TRY IT -> Pictures in the entries below are excluded; copy only the lines from the one containing "Gala Jeunesse 2005" to the one containing "New locks (2)", both included.

───── ENTRIES SHOWN ─────

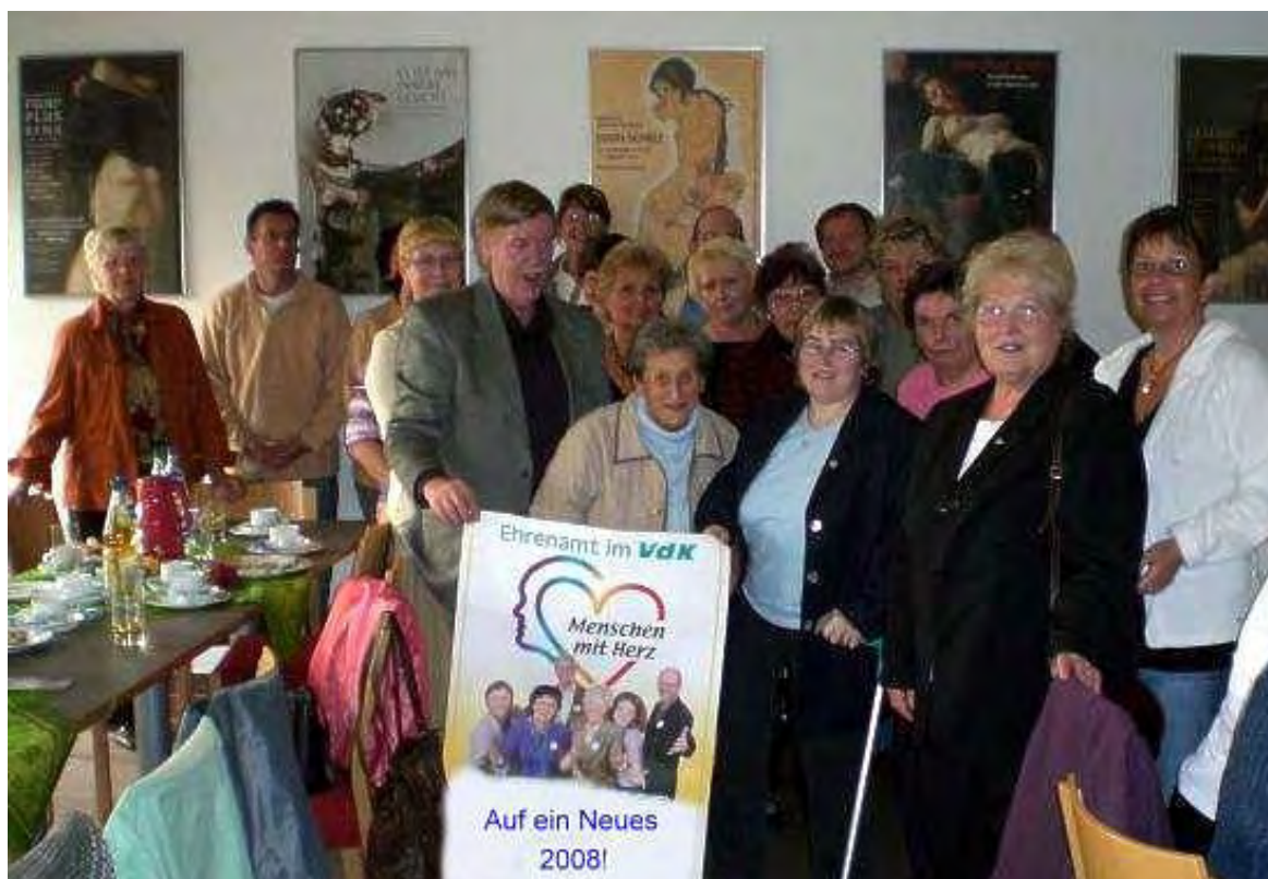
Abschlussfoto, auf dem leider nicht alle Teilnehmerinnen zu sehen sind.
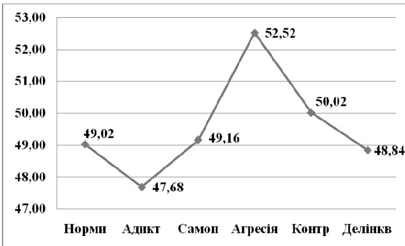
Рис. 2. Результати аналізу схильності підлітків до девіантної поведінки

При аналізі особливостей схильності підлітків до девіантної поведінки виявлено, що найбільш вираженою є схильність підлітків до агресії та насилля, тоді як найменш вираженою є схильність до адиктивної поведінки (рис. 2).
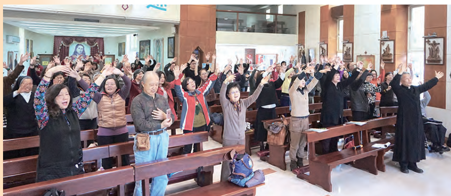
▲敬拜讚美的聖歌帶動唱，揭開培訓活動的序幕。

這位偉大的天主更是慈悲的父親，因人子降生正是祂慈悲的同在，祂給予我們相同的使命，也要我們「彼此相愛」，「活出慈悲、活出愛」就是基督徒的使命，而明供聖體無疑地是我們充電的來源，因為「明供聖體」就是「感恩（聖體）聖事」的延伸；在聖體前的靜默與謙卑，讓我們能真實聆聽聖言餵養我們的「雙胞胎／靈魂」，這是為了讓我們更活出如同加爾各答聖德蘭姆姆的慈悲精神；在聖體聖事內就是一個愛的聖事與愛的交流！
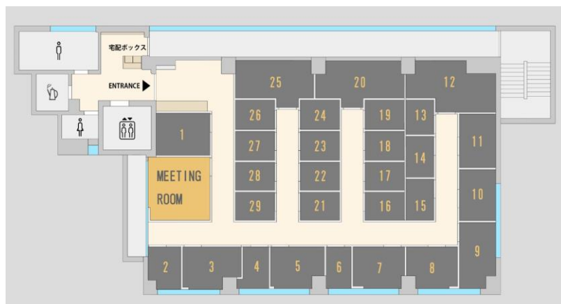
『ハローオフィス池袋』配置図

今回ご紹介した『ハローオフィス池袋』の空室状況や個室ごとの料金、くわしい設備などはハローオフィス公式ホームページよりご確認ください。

─────
───── ENTRIES SHOWN ─────

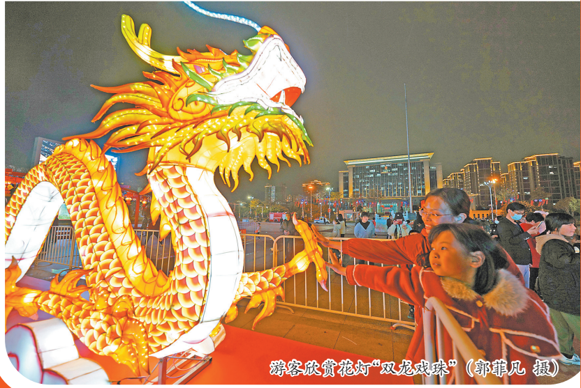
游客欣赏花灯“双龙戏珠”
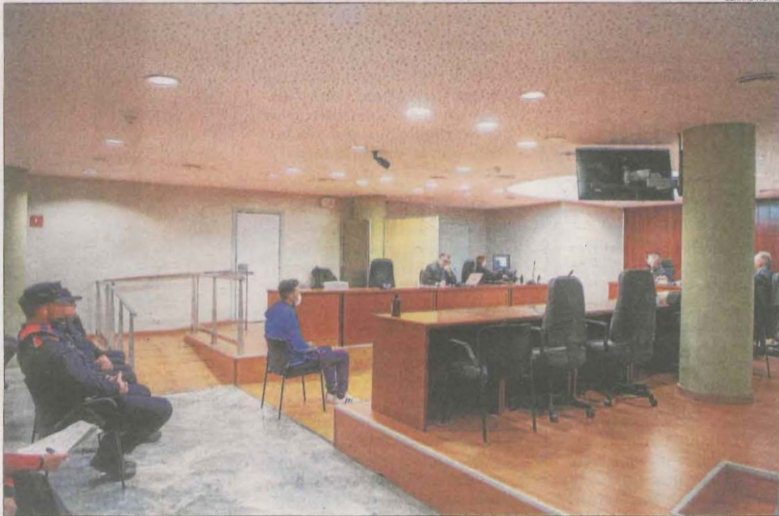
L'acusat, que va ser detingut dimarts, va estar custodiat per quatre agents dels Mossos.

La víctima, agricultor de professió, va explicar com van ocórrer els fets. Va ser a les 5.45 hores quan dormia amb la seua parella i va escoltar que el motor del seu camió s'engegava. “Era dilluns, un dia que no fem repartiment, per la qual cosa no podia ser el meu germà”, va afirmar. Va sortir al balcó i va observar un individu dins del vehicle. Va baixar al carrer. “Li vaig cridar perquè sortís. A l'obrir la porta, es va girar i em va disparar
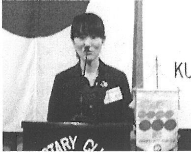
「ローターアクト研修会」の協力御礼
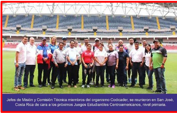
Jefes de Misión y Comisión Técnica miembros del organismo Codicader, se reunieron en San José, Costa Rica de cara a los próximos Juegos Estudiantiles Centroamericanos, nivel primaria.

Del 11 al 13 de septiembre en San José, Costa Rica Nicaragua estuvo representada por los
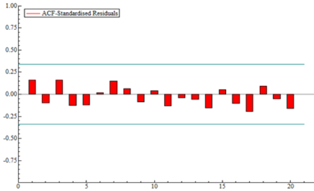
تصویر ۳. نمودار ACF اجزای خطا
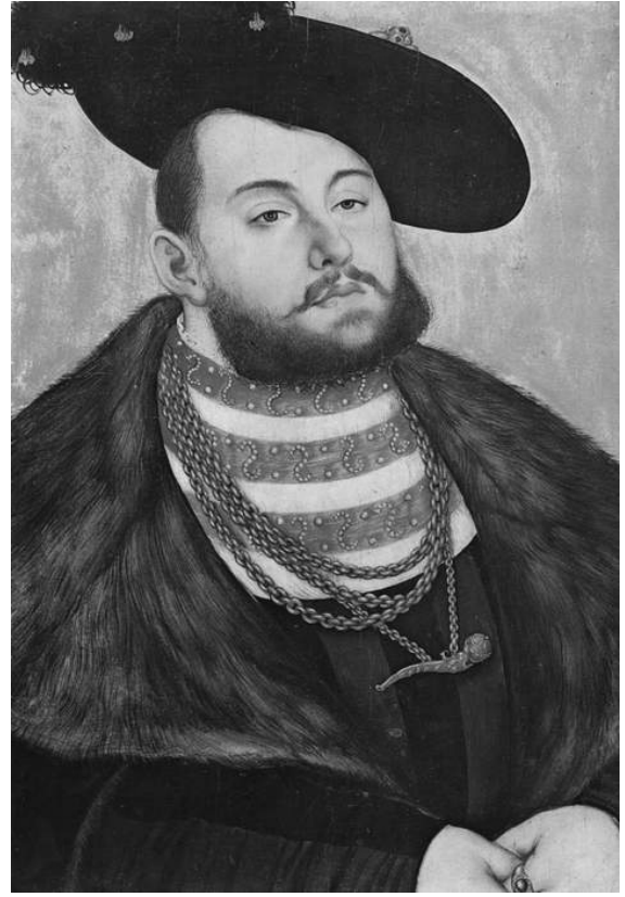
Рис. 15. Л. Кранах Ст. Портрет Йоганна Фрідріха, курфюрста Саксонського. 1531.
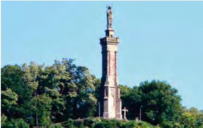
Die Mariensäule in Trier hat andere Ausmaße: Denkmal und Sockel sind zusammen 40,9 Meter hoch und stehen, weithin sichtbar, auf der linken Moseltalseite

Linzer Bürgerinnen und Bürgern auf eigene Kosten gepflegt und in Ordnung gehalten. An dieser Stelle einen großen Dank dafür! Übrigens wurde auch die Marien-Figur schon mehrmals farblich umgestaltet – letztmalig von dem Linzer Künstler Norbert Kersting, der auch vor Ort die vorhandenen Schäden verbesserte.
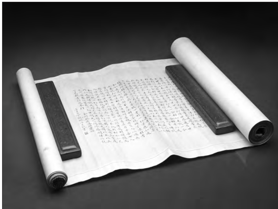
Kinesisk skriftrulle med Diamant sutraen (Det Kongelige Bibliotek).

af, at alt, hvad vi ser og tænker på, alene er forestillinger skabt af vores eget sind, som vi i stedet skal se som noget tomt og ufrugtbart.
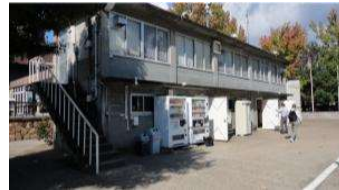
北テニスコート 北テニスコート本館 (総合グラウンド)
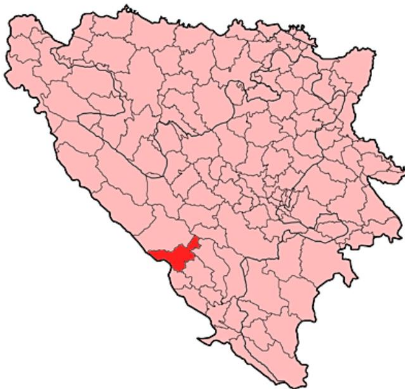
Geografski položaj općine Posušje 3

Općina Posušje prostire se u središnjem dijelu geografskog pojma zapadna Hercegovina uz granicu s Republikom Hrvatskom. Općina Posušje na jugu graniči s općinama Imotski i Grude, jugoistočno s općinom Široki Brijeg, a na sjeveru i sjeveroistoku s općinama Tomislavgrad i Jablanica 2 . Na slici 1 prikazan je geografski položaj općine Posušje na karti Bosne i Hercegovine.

─────
───── ENTRIES SHOWN ─────

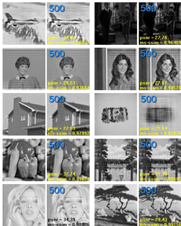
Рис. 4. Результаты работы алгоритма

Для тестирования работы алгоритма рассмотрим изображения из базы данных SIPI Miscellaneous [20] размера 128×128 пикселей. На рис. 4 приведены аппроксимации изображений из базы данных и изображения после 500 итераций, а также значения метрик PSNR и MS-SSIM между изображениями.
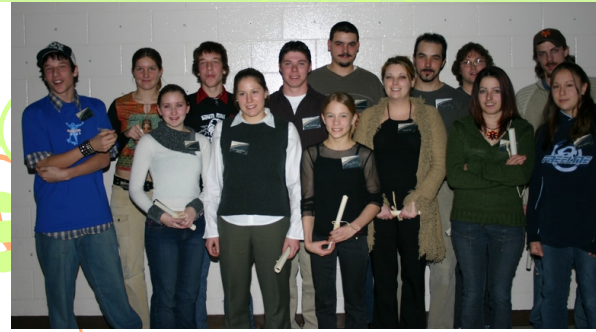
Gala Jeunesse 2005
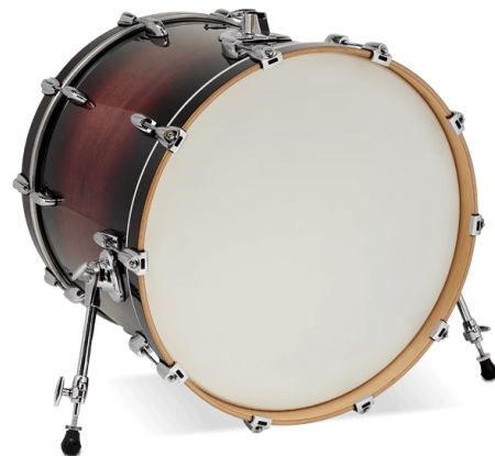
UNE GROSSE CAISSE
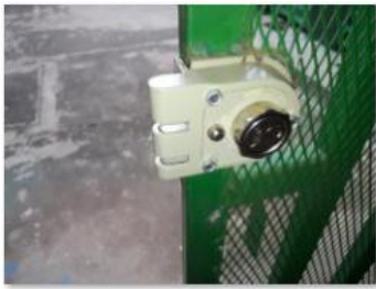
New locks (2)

─────

EXPECTED ANSWER ->
Gala Jeunesse 2005
UNE GROSSE CAISSE
New locks (2)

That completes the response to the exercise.